* _Dataset section_
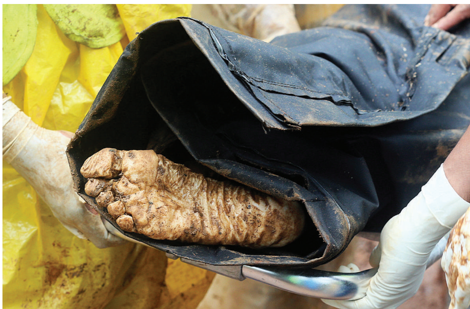
തണുത്തുറയാത്ത താങ്ങേ... ജാതിയില്ല, മതമില്ല, രാഷ്ട്രീയമില്ല... ഉള്ളത് മനുഷ്യത്വം മാത്രം. വയനാട് മുണ്ടകളിലെ ഉരുൾപൊട്ടൽ ദുരന്തമേഖലയിൽ നിന്ന് കണ്ടെടുത്ത മൃതദേഹങ്ങളിലൊന്ന് ആപ്ലിക്കേഷൻ സിലേക്ക് മാറ്റുന്ന രക്ഷാപ്രവർത്തകർ
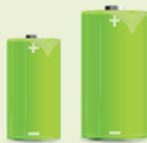
C- en D-batterijen
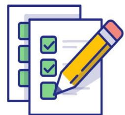
Bài kiểm tra

* _Work task_
From the material above, reproduce everything verbatim except the pictures.

* _Answer to this exercise_
തണുത്തുറയാത്ത താങ്ങേ... ജാതിയില്ല, മതമില്ല, രാഷ്ട്രീയമില്ല... ഉള്ളത് മനുഷ്യത്വം മാത്രം. വയനാട് മുണ്ടകളിലെ ഉരുൾപൊട്ടൽ ദുരന്തമേഖലയിൽ നിന്ന് കണ്ടെടുത്ത മൃതദേഹങ്ങളിലൊന്ന് ആപ്ലിക്കേഷൻ സിലേക്ക് മാറ്റുന്ന രക്ഷാപ്രവർത്തകർ
C- en D-batterijen
Bài kiểm tra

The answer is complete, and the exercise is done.